▸ **WHAT TO WORK ON**
Could you please retype exactly the lines from the start of the records below through the line that contains "14일 오전 방송된 KBS", both included, and leave out the pictures?

▸ **DATASET EXCERPTS**
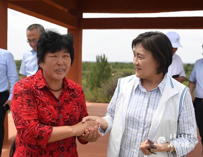烏蘭陶勒蓋治沙站位于烏審旗毛烏素沙地腹部,建站40多年來,以治沙造林、保護(hù)森林資源為己任,一代接著一代干,防沙治沙工作取得了明顯成效。布小林來到烏蘭陶勒蓋治沙站,調(diào)研治沙造林工作,并與全國(guó)“三八·綠色獎(jiǎng)?wù)隆鲍@得者殷玉珍親切交流,對(duì)當(dāng)?shù)厣鷳B(tài)治理的模式和成效給予肯定。她還來到伊金霍洛旗紅慶河鎮(zhèn),考察鄉(xiāng)村治理、消費(fèi)扶貧等工作。
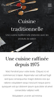 Ce template est parfait pour tous les restaurants chic, les cafés et les bars à vin. Présentez vos plats et vos menus de manière attractive. N'oubliez pas d'ajouter votre adresse, les horaires d'ouverture et un formulaire de réservation.
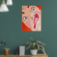Darstellung eines nahen Details einer hübsch aussehenden Frau, die ein Gesicht zieht. Sie sieht so aus, als ob sie Angst oder überrascht von etwas haben könnte. Bilder auf verschiedenen Geschenken und Produkten erhältlich.
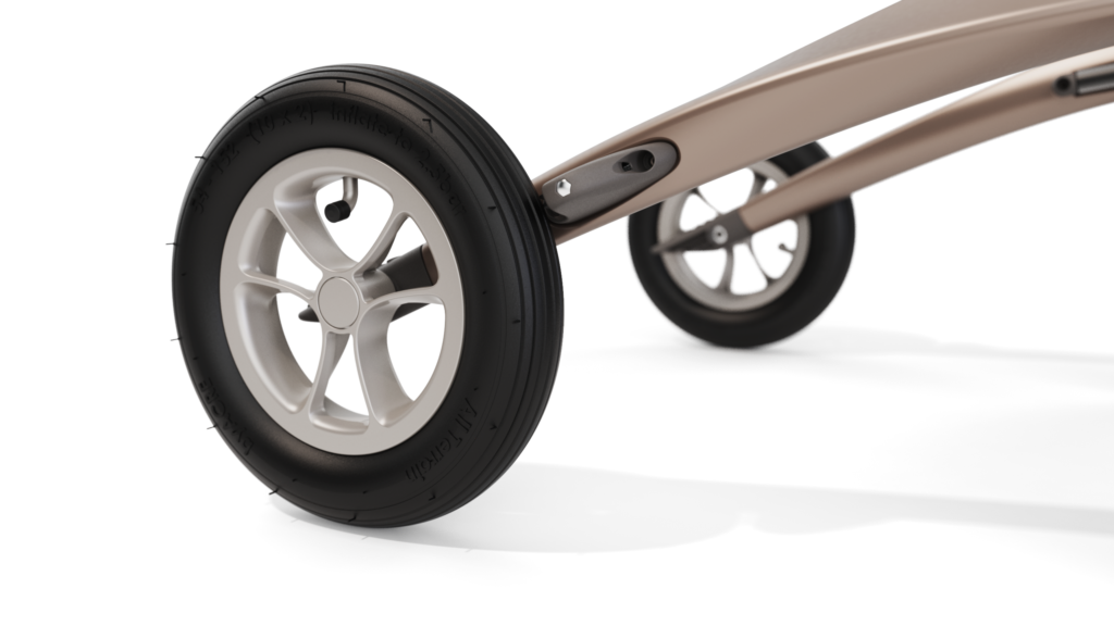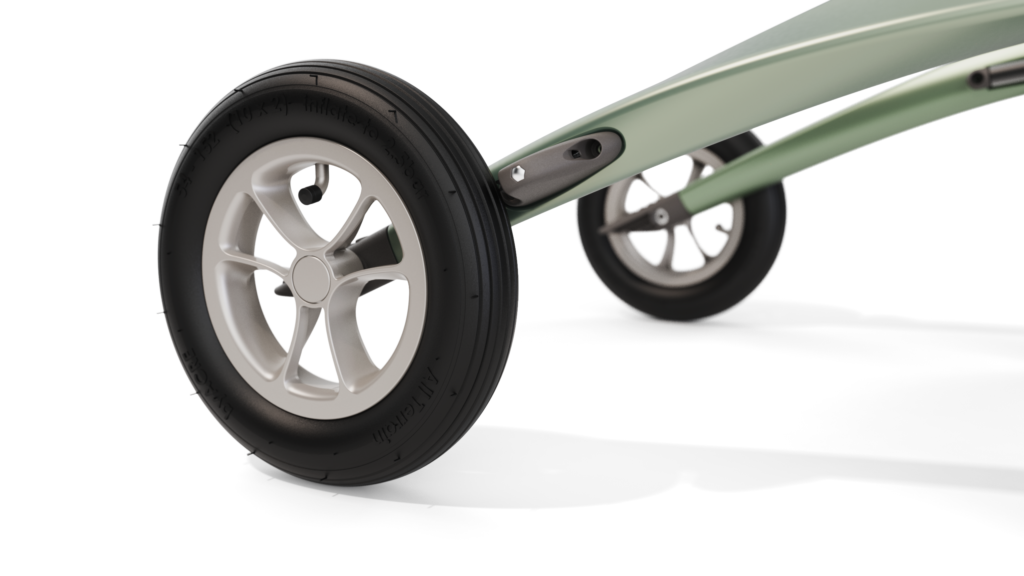 De Carbon Overland is verkrijgbaar in de kleuren green metallic en brown metallic, deze rollator wordt ook geleverd met een Grocery Bag waar u spullen kunt in opbergen.
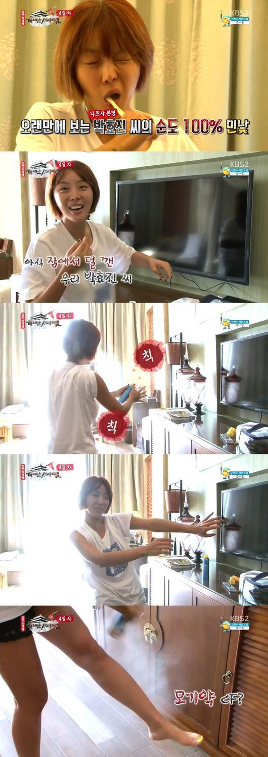 14일 오전 방송된 KBS 2TV '출발드림팀2'의 ‘중국 하이난 서바이벌 제4탄 : 살신성인’에서는 아침에 일어나 씻는 나르샤의 모습이 전파를 탔다.
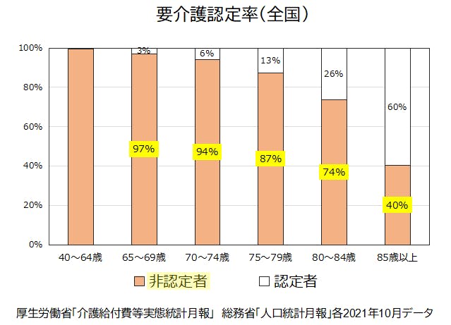 全国の要介護認定率は上のグラフに表示しましたが、80~84歳でも74%の方が非認定者であり、たまに子供に来てもらいながらも、普段は自分で頑張って生活されています。
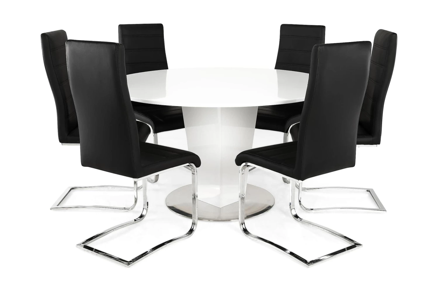 Diamond er et klassisk hvidt spisebord, som er fremstillet af stabilt og holdbar MDF og der medfølger seks spisebordsstole til dette sæt. Spisebordet har en højde på 76 cm og en diameter på Ø135 cm. Spisebordsstolene har en højde på 96 cm, en dybde på 53
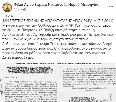 Μεγάλη μέρα για την Ορθοδοξία η 2α ΜΑΡΤΙΟΥ, γιατί σαν σήμερα, το 2011, με Πατριαρχική Πράξη υπογράφτηκε η επίσημη Αγιοκατάταξη του Αγίου Εφραίμ του Όρους των Αμώμων (Νέας Μάκρης) και η Εκκλησία μας απέκτησε ένα νέο, πολύ μεγάλο Άγιο, ιδιαίτερα αγαπητό στους πιστούς παγκοσμίως.
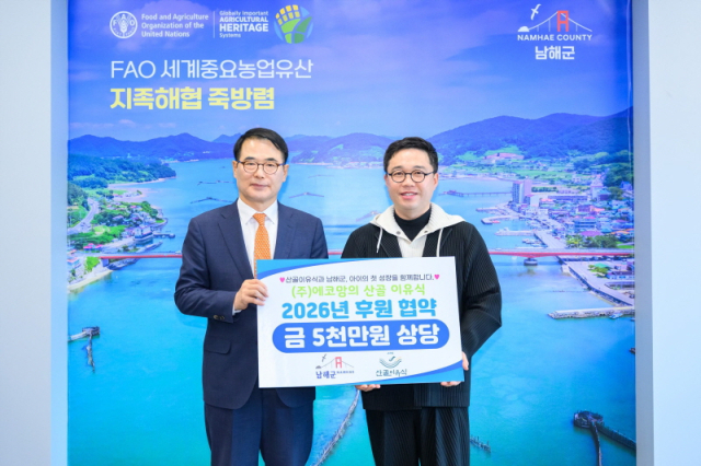 협약에 따라 ㈜에코맘의산골이유식은 2026년 남해군에서 태어나는 아기들을 대상으로 친환경 초기 이유식 세트를 후원하며 군은 대상자 발굴과 전달 체계를 구축해 모든 가정에 빠짐없이 지원이 이뤄질 수 있도록 할 예정이다.
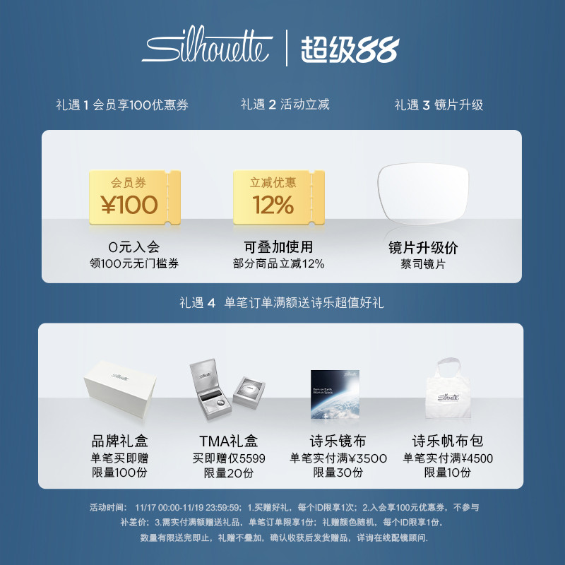 Silhouette诗乐眼镜架方框超轻男女款光学可配度数近视眼镜 2884
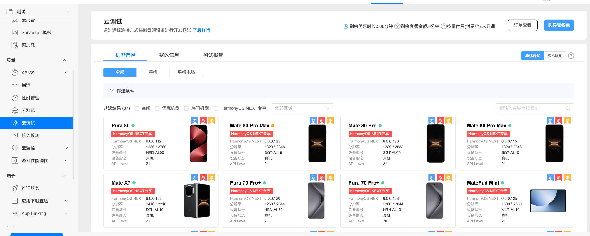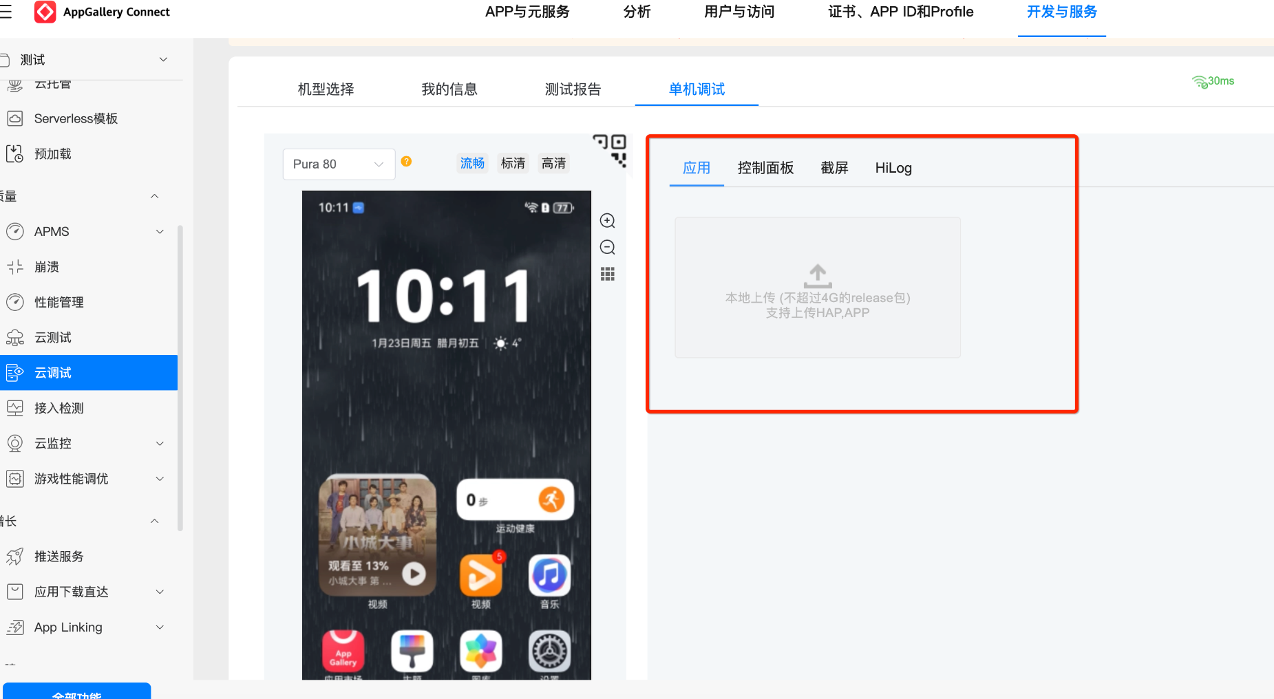 1、打开华为官方的在线云调试https://developer.huawei.com/consumer/cn/service/josp/agc/index.html#/myProject/101653523863213144/9249519184596051206
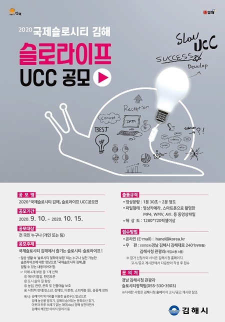경남 김해시가 대내외적으로 국제슬로시티 김해를 알리고 슬로라이프 운동 확산과 동참을 위해 10일부터 10월 15일까지 '국제슬로시티 김해' 슬로라이프 UCC 공모전'을 연다.
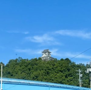 いつもは鳥取道から見てるだけなので取り敢えず撮ろうとしたけど、町中は電線避けてたらお城が山に隠れてしまった。
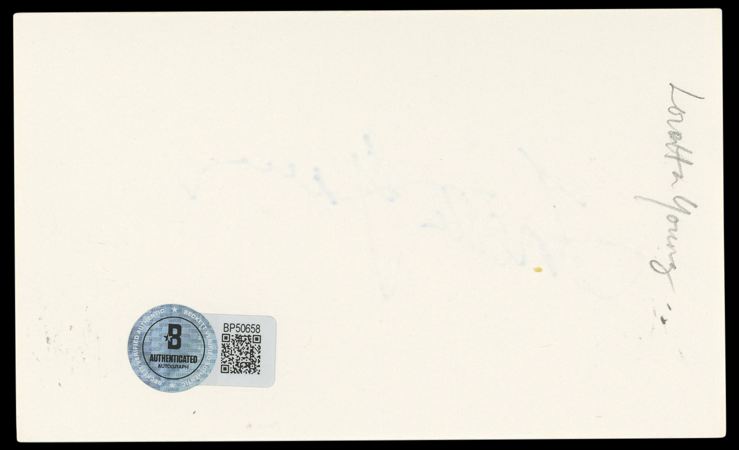 The authenticity can be verified on Beckett Authentication Services website. This Autographed 3x5 Index Card has been Personally Signed by Loretta Young of Call of the Wild. This item is 100% Authentic to include a hologram by Beckett Authentication Services. This item will come with an affixed Beckett Authentication Services (BAS) authentication sticker, which includes a scannable QR code to verify authenticity. Please note that Beckett no longer provides serial-numbered COA cards, and the attached BAS sticker will serve as the complete authentication for this item. The authenticity can be verified on Beckett Authentication Services website.
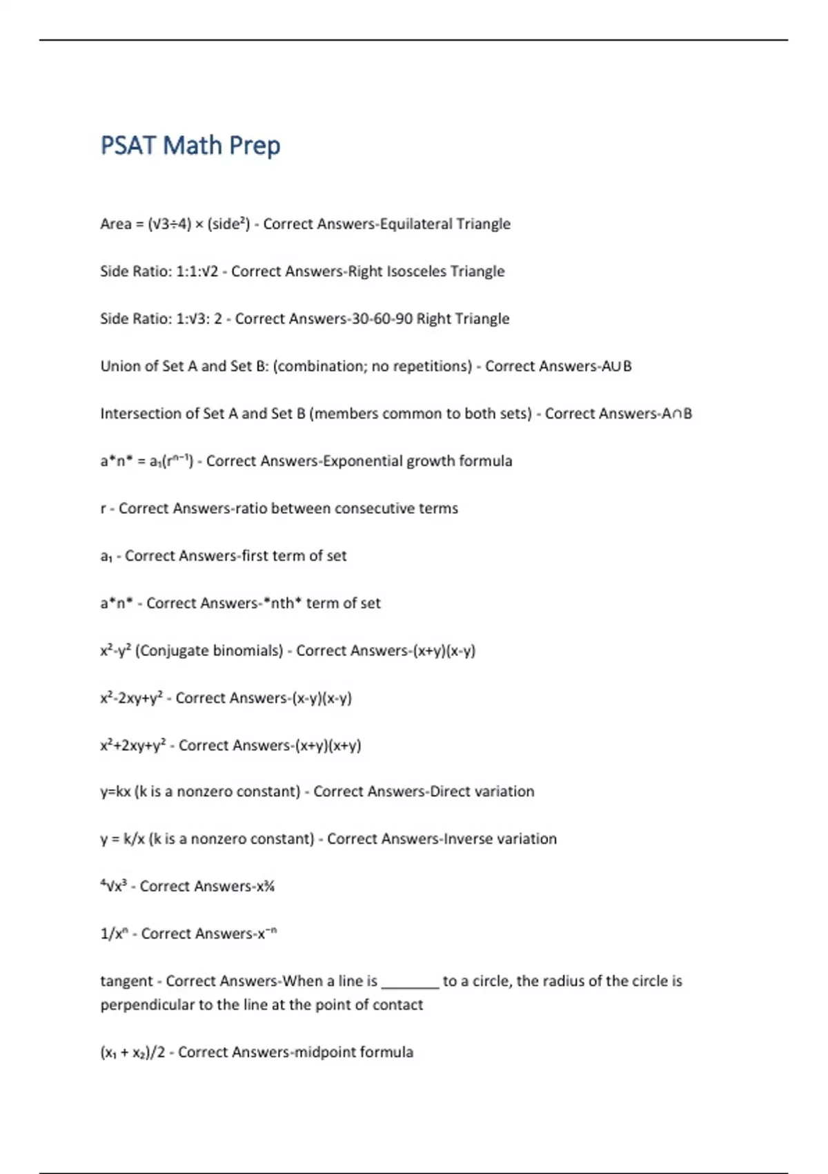 PSAT Math Prep
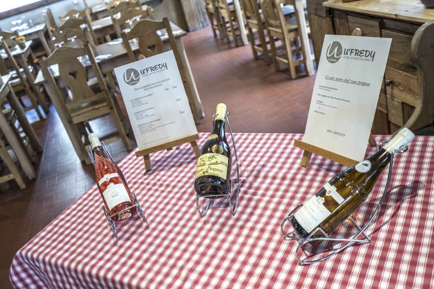 Le restaurant de l’hôtel U’fredy vous accueille le midi sur sa grande terrasse face aux pistes de ski, et le soir à l’intérieur au coin du feu.
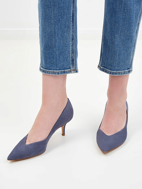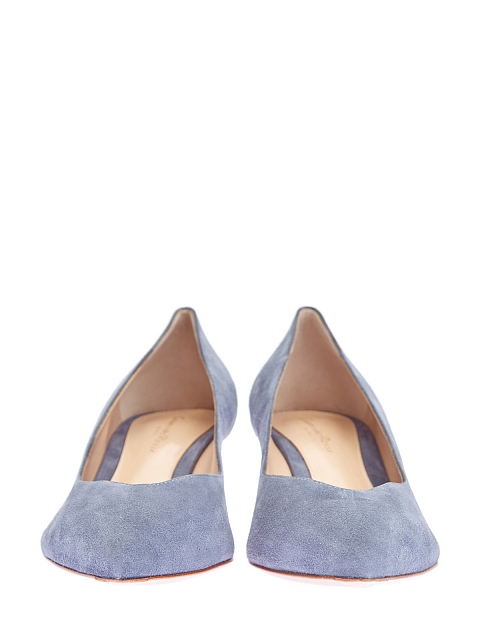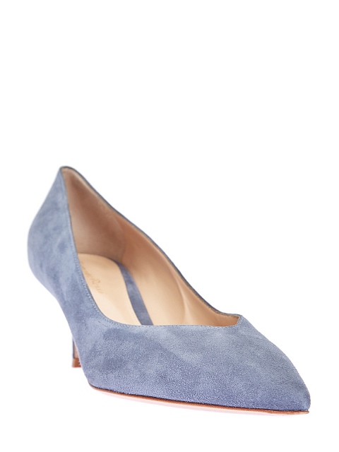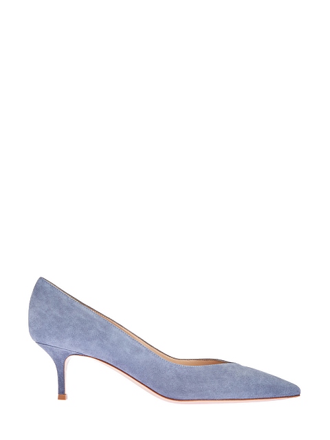 Минималистичные туфли-лодочки Paris 55 от Gianvito Rossi выполнены из бархатистой замши в оттенке «голубая пастель». Вневременной классический дизайн делает модель идеальным дополнением повседневных и торжественных аутфитов. Заостренный фигурный мысок и невысокий каблук создают элегантный образ, кожаная стелька и выверенная колодка обеспечивают комфорт. Сделано в Италии.
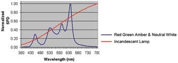 多通道驅(qū)動(dòng)器:就給定的色溫而言,高質(zhì)量CRI(90以上)會(huì)需要多種類(lèi)型的LED。CRI是光源的光譜能量分布(SPD)的一個(gè)函數(shù)。SPD是指給定波長(zhǎng)(頻率)下光源的輻射量。CRI數(shù)值表現(xiàn)最好(97以上)的白熾燈工作壽命較短(750~2500小時(shí)),效率也較低(美國(guó)能源部的數(shù)據(jù)為10~17Lm/W)。圖2顯示了白熾燈的SPD曲線與RGB光源曲線的對(duì)比情況。
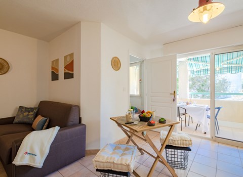 Large resort "Village Cap Estérel - L'Esquinade", built in 1990. On the outskirts, 2 km from the centre of Agay, on a slope, in the residential district, 900 m from the sea, 900 m from the beach, road to cross, on the golf course, in a pedestrian area. For shared use: park 210 ha, 5 swimming pools (seasonal availability: 06.Apr. - 03.Nov.). Children's pool, boccia, children's playground (slide, swing). In the complex: spa area (extra), shopping facilities, laundry (extra). E-charging station. Shop, grocery 500 m, supermarket 6 km, restaurant, bakery, café, bicycle rental 500 m, bus stop "Ligne 21" 300 m, railway station "Saint-Raphaël-Valescure - Agay" 9 km, sandy beach "Le Pourrousset" 800 m. Marina 1 km, golf course (9 hole) 300 m, tennis 500 m. Nearby attractions: Anthéor 8 km, Saint-Raphaël 9 km, Fréjus 13 km, Cannes 33 km, Saint-Tropez 50 km, Nice 76 km. Well-known lakes can easily be reached: Lac Saint-Cassien. Hiking paths: Massif de l'Estérel. Please note: car-free holiday complex, no lift. Entertainment in the season. Suitable for families, childminding in the season (extra). Guarded residence. The keys‘ handover takes place by the agency Interhome in Cap Estérel. The apartment is located in a zone with limited traffic. Additional accommodations can be booked. Access to the apartments is via steps, even on the ground floor.
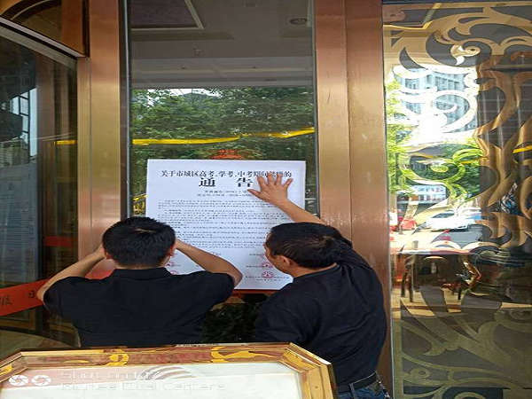 二、向辖区内各营业性文化娱乐场所下发《关于高考、学考、中考期间禁噪的通告》。要求营业性文化娱乐场所边界噪声不得超过国家规定标准;凡超过国家噪声标准的,必须停止营业。虽达到国家标准、但对学生学习、休息、考试有干扰的,在高考、中考期间停止营业。

▸ **WRITTEN REPLY**
烏蘭陶勒蓋治沙站位于烏審旗毛烏素沙地腹部,建站40多年來,以治沙造林、保護(hù)森林資源為己任,一代接著一代干,防沙治沙工作取得了明顯成效。布小林來到烏蘭陶勒蓋治沙站,調(diào)研治沙造林工作,并與全國(guó)“三八·綠色獎(jiǎng)?wù)隆鲍@得者殷玉珍親切交流,對(duì)當(dāng)?shù)厣鷳B(tài)治理的模式和成效給予肯定。她還來到伊金霍洛旗紅慶河鎮(zhèn),考察鄉(xiāng)村治理、消費(fèi)扶貧等工作。
 Ce template est parfait pour tous les restaurants chic, les cafés et les bars à vin. Présentez vos plats et vos menus de manière attractive. N'oubliez pas d'ajouter votre adresse, les horaires d'ouverture et un formulaire de réservation.
Darstellung eines nahen Details einer hübsch aussehenden Frau, die ein Gesicht zieht. Sie sieht so aus, als ob sie Angst oder überrascht von etwas haben könnte. Bilder auf verschiedenen Geschenken und Produkten erhältlich.
 De Carbon Overland is verkrijgbaar in de kleuren green metallic en brown metallic, deze rollator wordt ook geleverd met een Grocery Bag waar u spullen kunt in opbergen.
 14일 오전 방송된 KBS 2TV '출발드림팀2'의 ‘중국 하이난 서바이벌 제4탄 : 살신성인’에서는 아침에 일어나 씻는 나르샤의 모습이 전파를 탔다.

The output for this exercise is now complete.